# 3D Welt und Eingabe



## Drake (14. Mai 2008)

Hallo

benutze ein simpleUniverse, in dem ich mich durch verschiedene Szenen klicken kann.

Jetzt meine Frage, sie klingt simpel, die Antwort ist es bestimmt auch, wei bekomme Eingabemöglichkeiten (z.B. Textfield) oder (formatierte) Ausgaben in die 3D Welt? Konnte nichts in dieser Richtung finden.

mfg
Drake


----------



## Marco13 (14. Mai 2008)

Was meinst du mit "*in* die 3D-Welt"? Dort mal einfach so ein TextField frei durch den Raum fliegen zu lassen ist alles andere als einfach (auch wenn' ich's mal versucht habe... http://www.java-forum.org/de/viewtopic.php?t=59563&postdays=0&postorder=asc&start=0 ). Üblicherweise hat man den Canvas3D (oder so) wo gezeichnet wird, und an der Seite daneben Eingabemöglichkeiten in einem Panel....


----------



## Drake (14. Mai 2008)

Danke, werds mir in ruhe anschauen.

mit "in die 3D Welt" mein ich in den den Szenegraphen (Ausdrucksweise ist pre Kaaffe bei mir leider immer so ne Sache).

Hab ein schönes Menu als 3D Szenerie erstellt (feste Kamerasicht).
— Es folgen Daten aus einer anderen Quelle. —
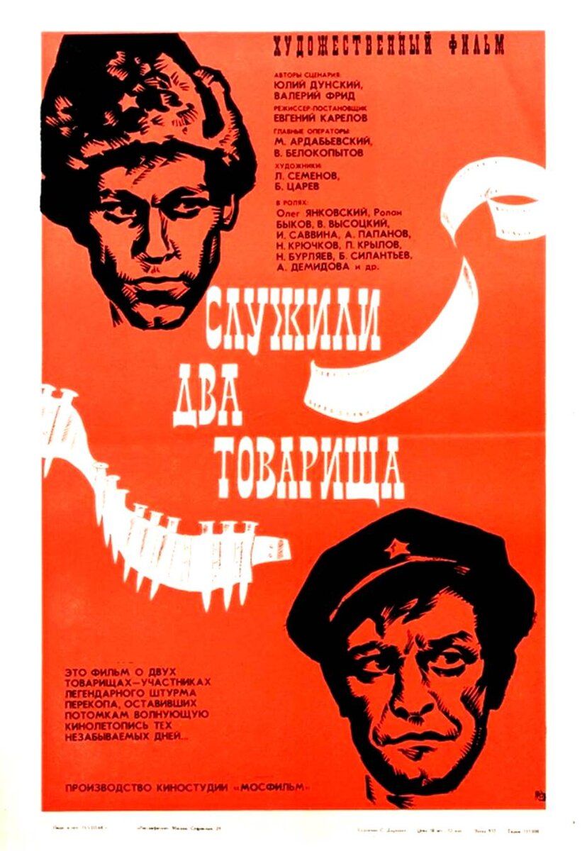 «Служили два товарища» - удивительный эмоционально-идеологический сюрприз от Партии и Правительства. Оказывается, события Гражданской можно было осветить и таким образом – как величайшую национальную трагедию. В 1969-м появится "Адъютант его превосходительства", в котором неожиданно время пребывания на экране "белых" будет едва ли не больше, чем у "красных", и многие из первых ещё и окажутся вполне приличными людьми. Ещё через год режиссёры Алов и Наумов одарят нас новым - и вовсе поразительным сюрпризом – фильмом «Бег» по Булгакову (!!), в котором милейший женераль Чарнота разом перетягивает на себя одеяло зрительского внимания, да так и не отпускает его до последнего кадра.
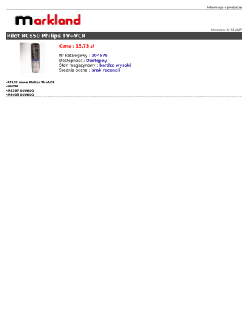 Informacje o produkcie Utworzono 03-03-2017 Pilot RC650 Philips TV+VCR Cena : 15,73 zł Nr katalogowy : 004578 Dostępność : Dostępny Stan magazynowy : bardzo wysoki Średnia ocena : brak recenzji -RT105 nowe Philips TV+VCR -NS200 -IR8397 RUWIDO -IR8405 RUWIDO
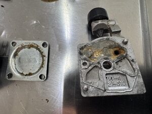 インレットニードルバルブが摩耗しています。限界線オレンジ色が見えます。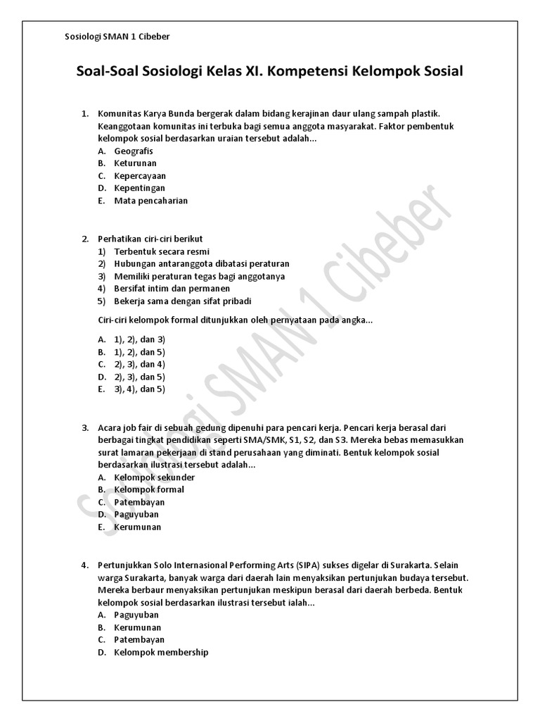 Soal Soal Sosiologi Kelas Xi Kompetensi Kelompok Sosial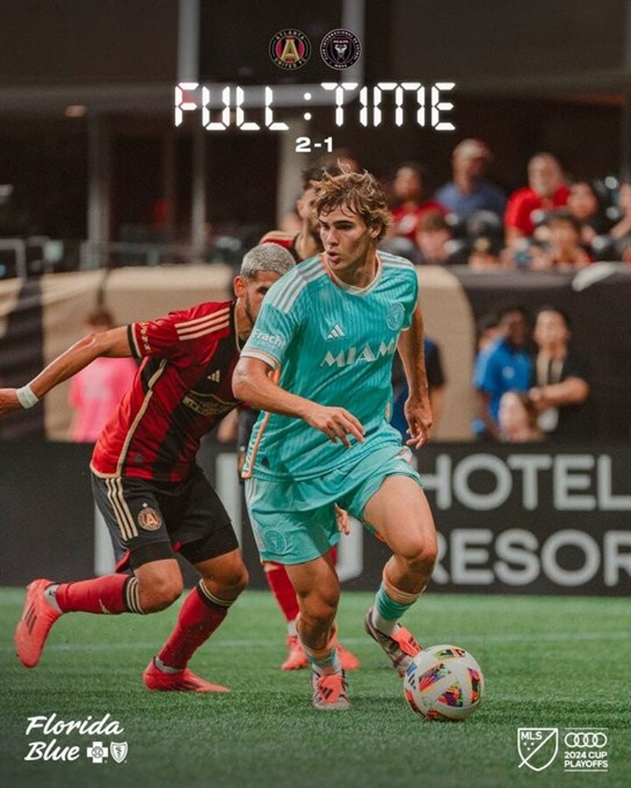 The final score is Atlanta United 2-1 Inter Miami CF. Xande Silva scored with about a minute to go in stoppage time shortly after a goal by Lionel Messi was waved off for a clear offside, giving ninth-seeded Atlanta United a 2-1 victory over Inter Miami on Saturday night to level the best-of-three first-round MLS playoff series at one game apiece.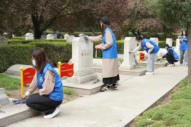 在此次团日活动中,各团支部通过组织参观英烈纪念馆、祭扫烈士陵园、观看视频短片、PPT故事分享会等丰富多彩的活动,表达了对革命先烈、身边先进模范人物的追思、敬仰和学习之情。首先是简述清明历史,知晓清明节的来历和传统习俗;接着,通过视频短片和领学分享,把惊天地、泣鬼神的雄壮史诗向同学们一一讲述,同学们纷纷被先辈们的英雄事迹所感动和鼓舞。在中原英烈纪念馆,同学们怀着虔诚的心情和崇高的敬意,瞻仰革命先烈的英雄事迹,大家仔细擦去烈士碑志铭上的浮尘和落叶,内心充满了对英雄烈士的敬仰和对美好生活的感恩。

Jetzt möchte ich in der Kampagnenszene eine Profilauswahl und Profil anlegen integrieren, daher die Frage.

mfg
Drake


----------



## Marco13 (14. Mai 2008)

Hmja, echte Swing-Components in den Szenegraphen packen ist erstmal nicht möglich. Selbst Swogl verwendet JOGL und einige Hack-Artige Konstrukte.


----------



## Illuvatar (14. Mai 2008)

Marco13 hat gesagt.:
			
		

> Hmja, echte Swing-Components in den Szenegraphen packen ist erstmal nicht möglich. Selbst Swogl verwendet JOGL und einige Hack-Artige Konstrukte.



Anders gesagt: Du müsstest eben alles selber machen. Ein QuadArray mit einem Quad, und in die Textur von dem musst du immer die Swing-Komponente zeichnen. Dann noch so Sachen wie Listener weitergeben, et voila 

ODER willst du nur sozusagen "über" dem Canvas3D noch (2D-)Swing-Komponenten haben? Das sollte zumindest einfacher zu bewerkstelligen sein, da muss man eben aufpassen, dass die Komponenten im postRender vom Canvas irgendwie gezeichnet werden.


----------



## Drake (17. Mai 2008)

Danke für die Antworten, aber ich glaube ich bin in Gedanken über mein eigentliches Ziel hinaus geschossen.

Da die Szenen, wo ich die Eingabe brauche, weder zoom - noch drehbar sind, rufe ich bei deren Aufruf einen JDialog auf, welcher sich somit automatisch über die Canvas legt.

mfg
Drake


----------